U.S.-Czech Republic men’s basketball game has major Olympic quarterfinal implications
There is no aura of invincibility around this U.S. men’s basketball team. It’s different than many past Olympics. And the Americans don’t seem to mind.
SAITAMA, Japan — There is no aura of invincibility around this U.S. men’s basketball team. It has gone just 3-3 so far this summer, still has work to do just to qualify for the knockout stage at the Tokyo Olympics and seems far from a lock to win its fourth consecutive gold medal.
It’s different than many past Olympics. And the Americans don’t seem to mind.
“I feel like it makes it more fun,” U.S. center Bam Adebayo of the Miami Heat said.
The next fun destination for the Americans, they hope, will be the Olympic quarterfinals. The U.S. can punch its ticket there on Saturday; the sure-fire way to do that would be to beat the Czech Republic in the Group A finale for both nations, though the Americans could still move on even with a loss.
A win would give the U.S. a chance at securing a top-four seed and ensure that the team wouldn’t face any of the three group winners until at least the semifinals. And the losses — two in exhibitions, then the Olympic opener against eventual Group A winner France — have been a benefit to the Americans, Adebayo said.
“We don’t go in every game thinking we’re going to beat everybody by 50,” Adebayo said. “It definitely keeps us on edge and, you know, shows that we can’t mess around.”
The Americans are still big favorites on Saturday; 23.5 points, according to FanDuel, and that line was set after the U.S. had no problem in a 120-66 win over Iran on Wednesday. The 54-point margin of victory — albeit against an overmatched opponent — was the fifth-largest for a U.S. men’s team in an Olympics since NBA players began being used in 1992, and was by the far the best performance by the team yet this summer.
U.S. guard Damian Lillard said the game against Iran, the second one this summer where the Americans had all 12 of their players.

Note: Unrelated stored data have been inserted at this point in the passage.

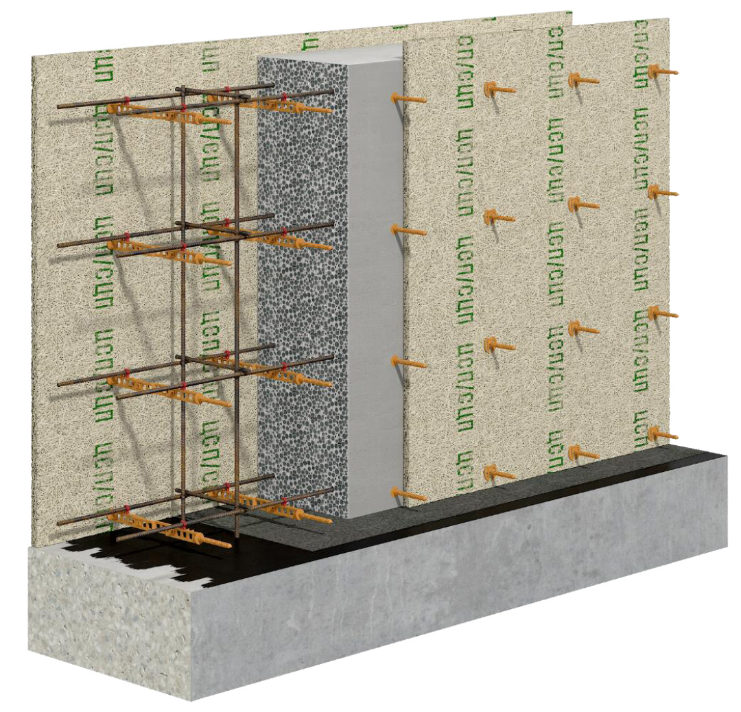 Установка Несъемной стяжки опалубки (для тяжёлых бетонов 2.3-2.5 т/м3) с шагом 40 х 40 см по горизонтали и вертикали компенсирует деформацию плитных утеплителей в опалубке. Такое расположение стяжек позволит выполнять бетонирование и вибрирование бетона в опалубке с максимальными габаритами: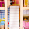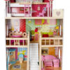 - PRZESTRONNY – drewniany domek dla lalek przeznaczony jest dla 4 osobowej rodziny lalek. Posiada 3 poziomy, które połączone są ze sobą pięknymi, białymi schodami, aż 5 pomieszczeń + balkon i ogród z basenem. Każda lala marzy o takim dużym domku!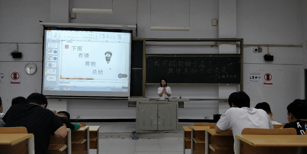 本次年级会的最后,辅导员蒋益老师向大家分享了她的大学生活,以及她的大学规划。蒋益老师谈到,作为一名合格的大学生,要积极响应关于党的十九大关于“倡导创新文化,强化知识产权的创造、运用、保护”的号召:对于我校开展的“创新创业”有关课程或学生组织,都是大学生应该积极响应的“创新精神”。蒋益老师还着重强调了以及对于我校大学生毕业标准中,每个人都需要明确自己的定位,明白考取对应的证书、遵循校规校训的重要性。同时,在最后蒋老师也向同学们表达了作为一名大学生需要“不忘初心”,做最真实的自己,做最好的自己。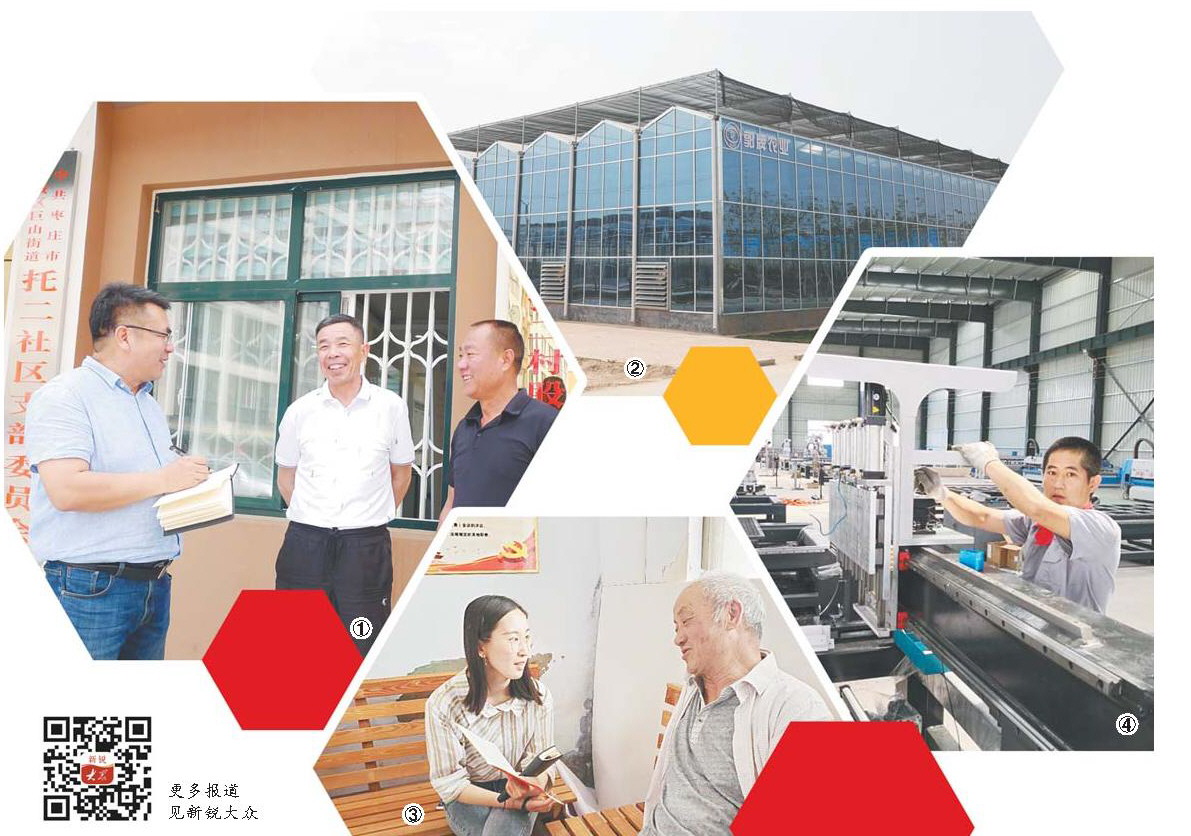 圖①:記者張環(huán)澤(左一)圍繞農(nóng)村集體產(chǎn)權制度改革等話題,采訪棗莊市薛城區(qū)巨山街道東托二村村民。 圖②:寒亭國家現(xiàn)代農(nóng)業(yè)產(chǎn)業(yè)園是濰坊綜試區(qū)核心區(qū)內(nèi)重點在建項目之一,圖為落戶園區(qū)一家企業(yè)的玻璃溫室。 圖③:記者毛鑫鑫(左)采訪臨沭縣石門鎮(zhèn)大官莊村村民,了解農(nóng)業(yè)種植新模式。 圖④:禹城辛店鎮(zhèn)萬創(chuàng)工業(yè)園讓農(nóng)民實現(xiàn)了在家門口就業(yè)。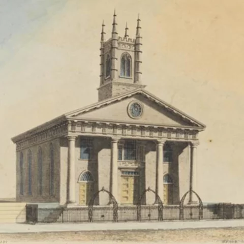 Founded in 1845, Temple Shaaray Tefila’s first place of worship was on Franklin Street in lower Manhattan, near Broadway. Rev. S. M. Isaacs, one of only two English-speaking rabbis in the United States, and a firm adherent of Orthodox Judaism, served as the first rabbi of the congregation (and continued to serve until 1877).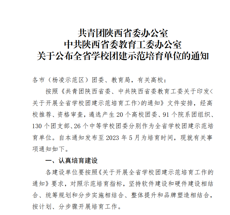 据悉,按照《共青团陕西省委、中共陕西省委教育工委关于印发<关于开展全省学校团建示范培育工作>的通知》文件安排,经高校推荐、资格审查,遴选产生了20个高校团委、91个院系团组织、130个团支部分别作为全省学校团建示范培育单位。培育时间为2022年7月至2023年5月。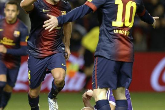 Barcelona's Argentinian forward Lionel Messi (L) celebrates after scoring during the Spanish league football match Real Valladolid vs FC Barcelona at the Jose Zorilla stadium in Valladolid on December 22, 2012. Barcelona won the match 3-1. AFP ...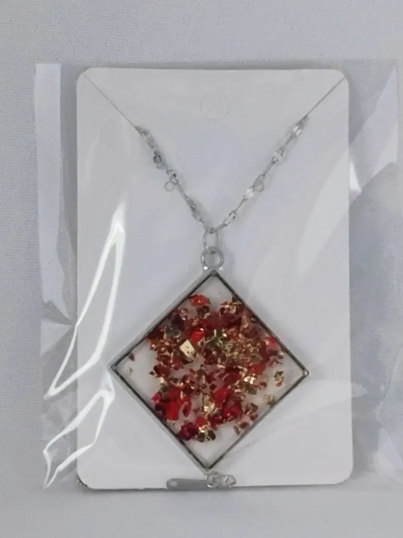 Nyaklánc Négyzet Arany-Piros kővel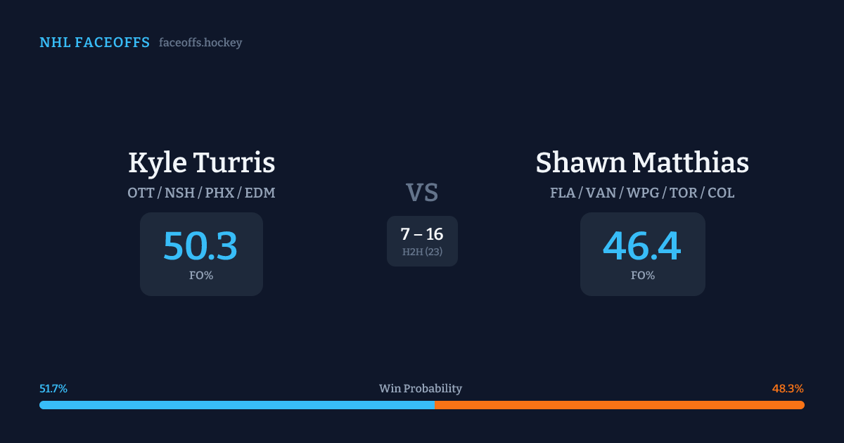 Kyle Turris vs Shawn Matthias — Faceoff Head-to-Head

It was the first with nobody recovering from flying 8,000 miles the previous day to get to Tokyo after the NBA Finals — as Jrue Holiday, Khris Middleton and Devin Booker were for the France game — provided the blueprint for how this team needs to play.
“I think everybody on our team would agree that it felt good to get out and run, get open shots, create steals and go the other way without having to set plays and use our length and athleticism to our advantage,” Lillard said. “I think we can find a way to be consistent at that, we should have a pretty good chance of being successful.”
Each of the other U.S. Olympic teams that won a game by at least 54 points — the 1992, 1996, 2012 and 2016 teams all had one such contest — went on to win the gold medal.
And, perhaps for a couple days, it silenced some of the doubt about whether this U.S. team is good enough to win it all.
“If we win, that’s going to put the rest a lot of the things that have been said, doom and gloom,” USA Basketball senior men’s national team managing director Jerry Colangelo said. “If we don’t win, people will have their opportunity to take shots at anyone and as much as they wish to, for whatever reasons they choose.”
A look men’s field heading into the final games in group play:
The men’s field will be pared from 12 teams down to the eight for the knockout stage this weekend, with the quarterfinal games to be played in Saitama on Tuesday. The winners of the three groups, plus the best second-place finisher, will earn top-four seeds. The other two second-place finishers and the best two third-place teams will be the bottom four seeds for the quarterfinals.
France (2-0) is the group winner, no matter what happens Saturday against Iran (0-2). The winner of the U.S.-Czech Republic game will be 2-1 and finish in second place; the loser falls to 1-2 and will have to hope to move on as one of the best third-place teams.
Australia (2-0) has clinched a quarterfinal berth and can lock up first place in its group with a win Saturday against Germany (1-1). Nigeria (0-2) needs a win, and probably by a sizable margin since overall point differential is a potential tiebreaker, against Italy (1-1) in the other Group B game on Saturday to have any chance of advancing. The Italians would advance with a win.
Reigning World Cup champion Spain (2-0) will take on Luka Doncic and Slovenia (2-0) on Sunday to determine who wins Group C and is guaranteed a top-four seed for the quarterfinals. Both teams have already clinched a berth in the knockout stage.
Host Japan (0-2) plays Argentina (0-2) on Sunday. The loser is eliminated and the winner — again, likely depending on the points-differential tiebreaker — may still have a chance to reach the quarterfinals. If Argentina does not advance, it may mean that Sunday would be the last time Luis Scola appears in the Olympics. The 41-year-old Scola, who has appeared in five Olympics, hasn’t said if he plans to continue his playing career.